If a Releasee cannot make the monthly installments when he is on supervised release, the condition would be more restrictive than necessary to effectuate the purposes of sentencing. Id. (citing 18 U.S.C.A. § 3583(d)(2)). “Upon proof of such a situation, however, the sentencing court has broad authority to modify the condition of supervised release by reducing the amount due or even by obviating the condition.” Id. (citing 18 U.S.C. § 3583(e)(1)).

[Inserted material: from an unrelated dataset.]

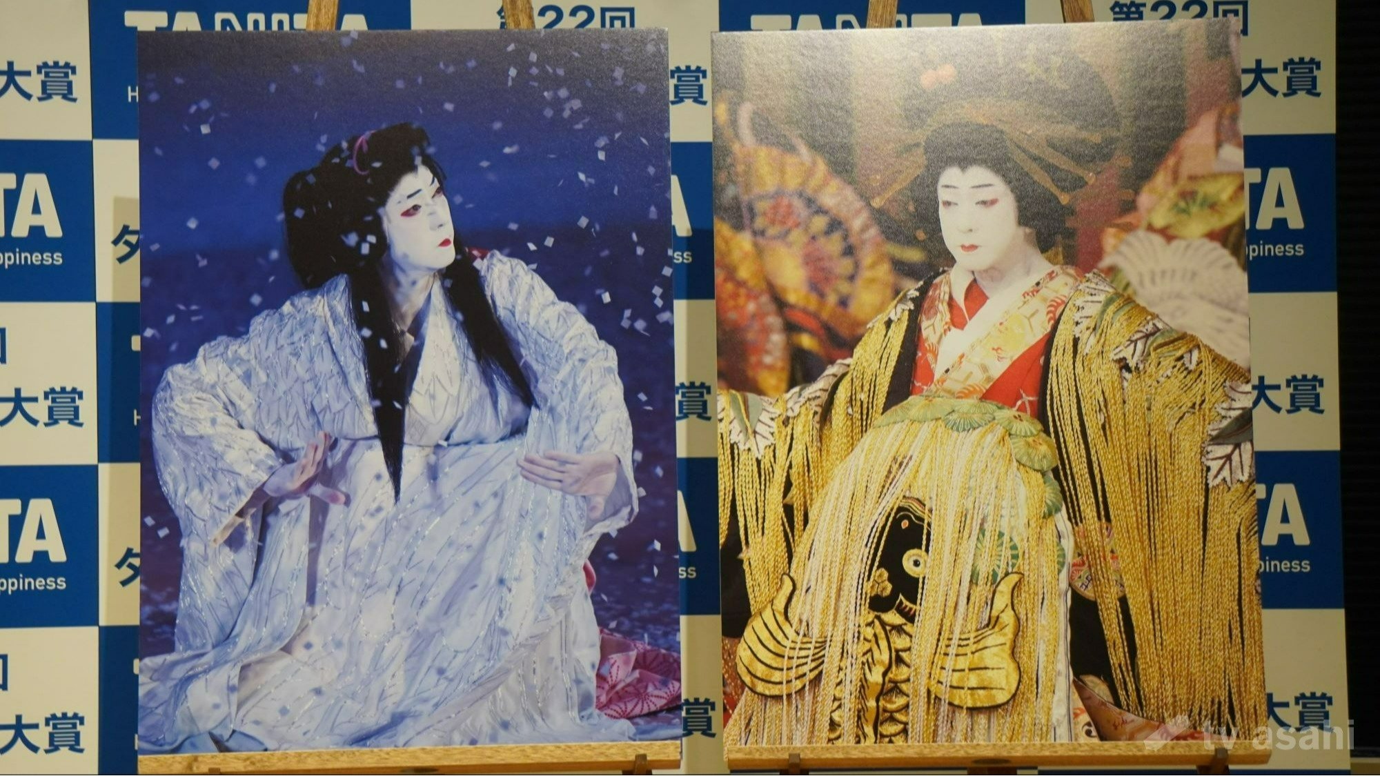 会場には、玉三郎がこれまで演じてきた役の写真が飾られており、衣装の重さを聞かれると、「だいたい10キロから20キロ、一番重いものは40キロ。軽いものでも10キロぐらいはあると思います」と答えた。

In the present case, both the Government and the U.S. Probation Office agree that Releasee will be able to comply with a $50 cost of supervision. The U.S. Probation office believes that Releasee will be able to comply with said amount because he is employed and is a skilled laborer. As such, this Court finds that Releasee has failed to establish his inability to pay $50 for the cost of his supervision.
CONCLUSION
For the reasons stated above, the Court hereby ADOPTS the Magistrate Judge’s Report and Recommendation, (Docket No. 1172), and, accordingly, DENIES Releas-ee’s Motion to Modify his Conditions of Supervised Release. (Docket No. 1121). Releasee is ordered to pay a $50 monthly cost of supervision.
IT IS SO ORDERED.
MAGISTRATE JUDGE’S REPORT AND RECOMMENDATION
I recommend that releasee pay $50 a month. The arguments of the releasee are garden-variety deadbeat arguments, begging an easy way out and making a mockery of the sentence.
Under the provisions of Rule 72(d), Local Rules, District of Puerto Rico, any party who objects to this report and recommendation must file a written objection thereto with the Clerk of this Court within ten (10) days of the party’s receipt of this report and recommendation. The written objections must specifically identify the portion of the recommendation, or report to which objection is made and the basis for such objections.